In 2003, the member of the PM’s Economic Council found it “simple, explicit and indisputable” that the revaluation reserve should be calculated in the most conservative way and the NBP should retain its profit rather than contribute it to the budget. In 2010, opposite views became “simple, explicit and indisputable”.

Yet, the matter was not that simple for a considerable number of specialists. Let me remind you that in 2010, the majority of MPC members defended the “government” method of calculating the NBP profit as the NBP Management Board and three MPC members appointed by President Lech Kaczyński were against it. In 2010, an MPC member Andrzej Bratkowski, who in 2003 in the capacity of Deputy President of the NBP defended in the Sejm the independence of the Bank from politicians, threatened to resign from the Council, if the… government agreed to a smaller contribution from the NBP. Nowadays, the former hawk is one of the most dovish MPC members. In July 2012, he was the only MPC to vote in favour of cutting interest rates by 50 basis points.

Hawks are still alive

Doves happen to turn into haws, although less frequently. For example, Zyta Gilowska had a dovish approach to interest rates when she was Deputy Prime Minister and Minister of Finance. “I see no need to raise interest rates”, she told Polskie Radio in a March 2007 interview. She said that the Polish economy was not overheated and there was no risk of inflation growth. Meanwhile, the overheating of the economy was visible to the naked eye. Although in March 2007 inflation amounted to a mere 1.1%, in October it jumped to 3% and in November to 3.7%, exceeding the inflation target including the fluctuation band. As member of the MPC, Zyta Gilowska is a hawk. She voted in favour of interest rates increases and against interest rate reductions almost every time.

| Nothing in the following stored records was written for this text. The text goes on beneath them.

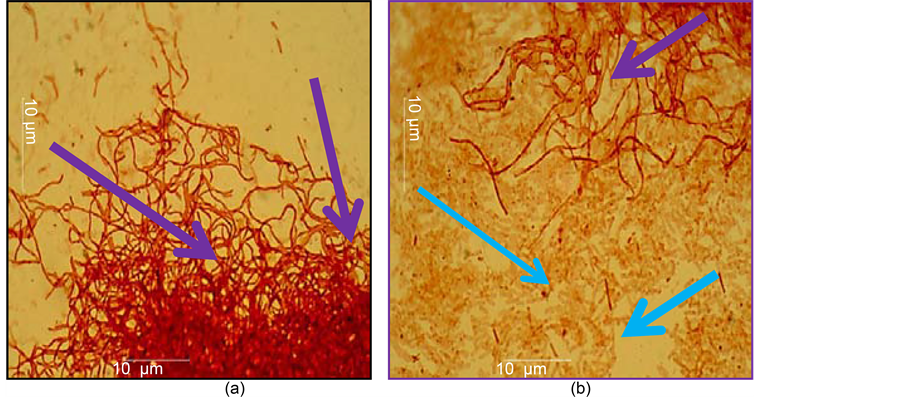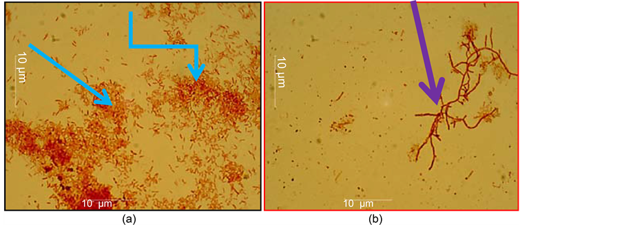 In the liquid medium, Streptomyces SK-6, 6 bambargiensis strain showed a high activity against Erwinia amylovora. Phytopathogen cells were completely lysed by the enzymes of the antagonist; in the micro pictures only mycelia and hyphae of Streptomyces (purple arrows) were visible and there were no phytopathogens cells (Figure 6(a)). The Streptomyces fumanus gn-2 strain’s activity was weak, as phytopathogen cells multiplied rapidly in the presence of antagonists (blue arrows) (Figure 6(b)).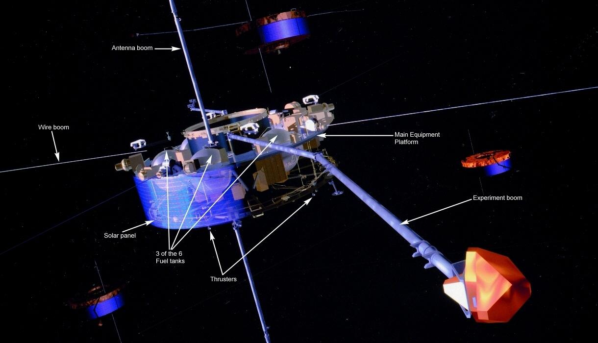 Cutaway diagram of one of the Cluster spacecraft, showing its main structural features.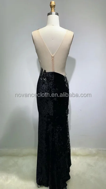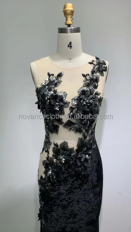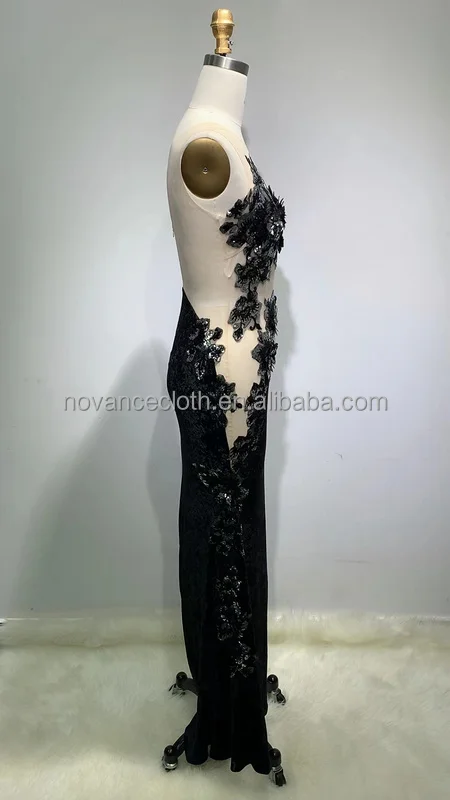 Product Name: Novance F3056 New Fashion Dress Woman Black Shiny Sequin Patch Wedding Dress Elegant Long Party Birthday Plus Size Evening Dress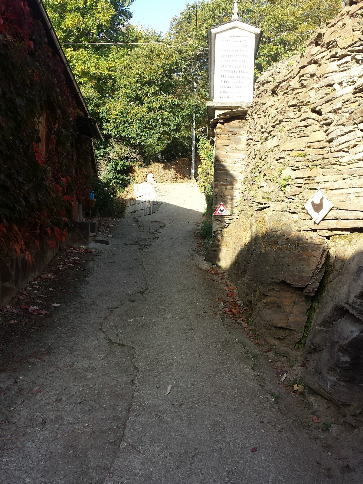 We choose to take a longer route via a river and past a Benedictine monastery. And extra 6 k but more scenic and less steep. At some point I find myself far ahead and when on a steep part of the trail I stop to check behind to see if I see Mats or Linda. Once spotted I continue on but at one point, past a tiny village with 4 chicken crossing signs and a lot of feathers within 500 ft on a very narrow road, I keep looking but not seeing anyone. I pull out my phone and open it at the exact time that Linda phones me wondering where I am. Mats is up on a road i crossed five minites ago, looking for me when Linda remembered she could phone me. It’s unusual for me to be in the lead. Once gathered together again, we continue on.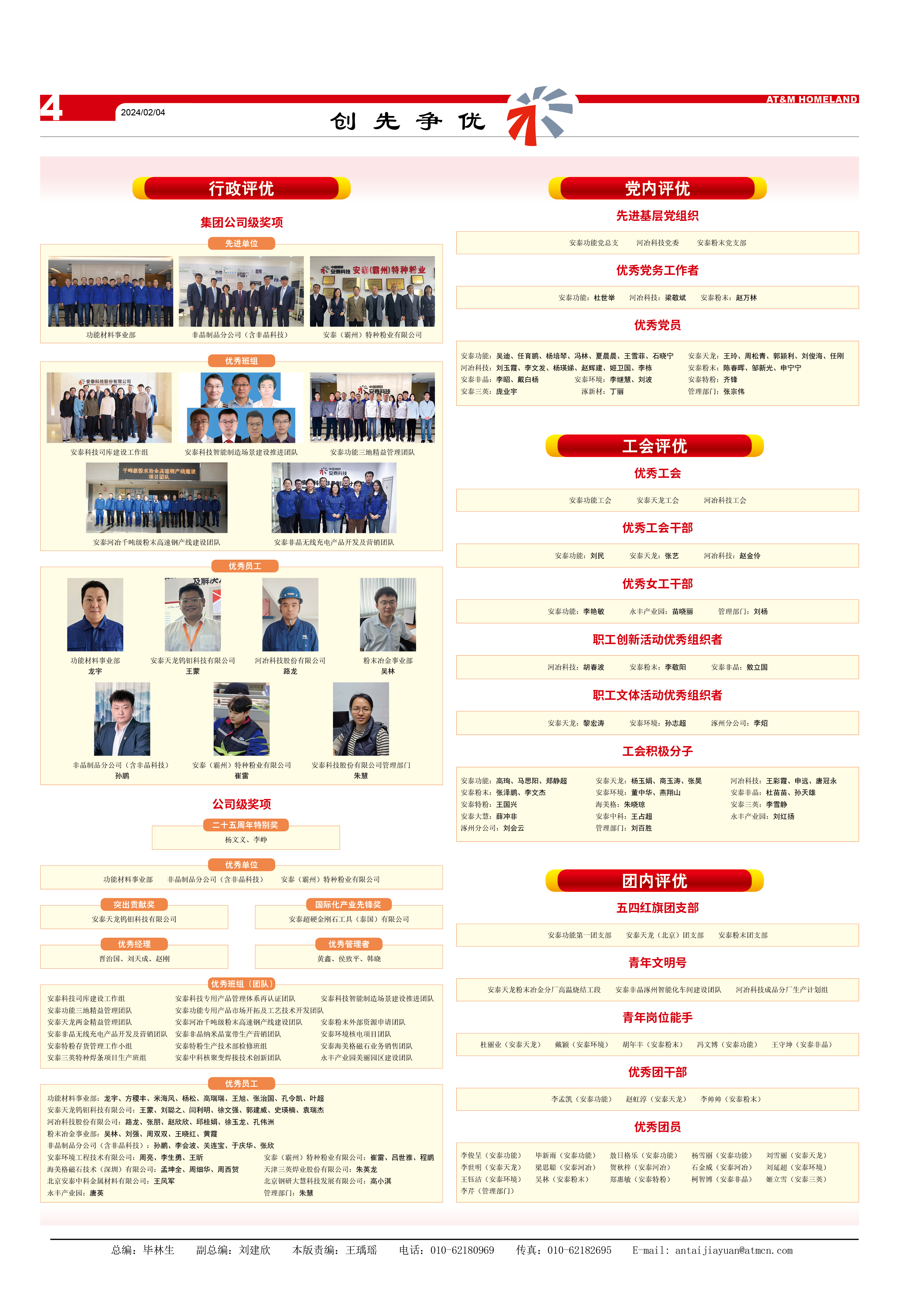 李俊呈(安泰功能)、畢新雨(安泰功能)、敖日格樂(lè)(安泰功能)、楊雪麗(安泰功能)、劉雪麗(安泰天龍)、李世明(安泰天龍)、梁思聰(安泰河冶)、賀秋梓(安泰河冶)、石金威(安泰河冶)、劉延超(安泰環(huán)境)、王鈺潔(安泰環(huán)境)、吳林(安泰粉末)、鄭惠敏(安泰特粉)、柯智博(安泰非晶)、姬立雪(安泰三英)、李芹(管理部門(mén))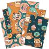 Each paper features delightful characters like pandas, foxes, bunnies, and bears paired with donuts, cupcakes, ice cream, and cakes. The soft color palette and seamless patterns make this pack incredibly versatile for both digital and printable projects.
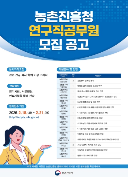 이번에는 디지털 육종, 스마트 농업, 미생물 활용 연구 등 전문가 채용에 중점을 두고 생명유전, 농공, 원예 등 8개 직류에서 총 20명을 선발한다. 18세 이상(2007년 12월 31일 이전 출생) 관련 전공 석사 학위 이상 소지자면 누구나 응시할 수 있다.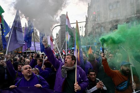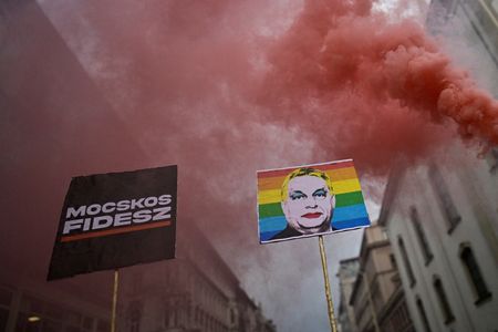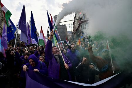 BUDAPEST (Reuters) – Thousands of people protested in Budapest on Tuesday against a new law that aims to ban the annual Pride march by LGBTQ+ communities and allows the use of facial recognition software to identify organizers and attendees.

Prof. Dariusz Filar, the MPC member in 2004-2010, stands out against hawks turning into doves or vice versa, and his approach was exceptionally consistent. He was regarded as a hawk in the Council. In early 2006, he voted (contrary to the majority) against interest rate reductions, and from October 2006 he was part of the minority who voted in favour  of initiating interest rate increases during successive MPC meetings.

Commenting on the current controversies over the level of interest rates, Professor Filar said: “The MPC should stabilise interest rates over the coming 2-3 quarters. It would be appropriate to maintain the existing level of monetary policy restrictiveness and nominal interest rates should be stabilised over the coming 2-3 quarters. Core inflation at 1.0-1.1% would help to meet the inflation target expressed as CPI at 2.5%.”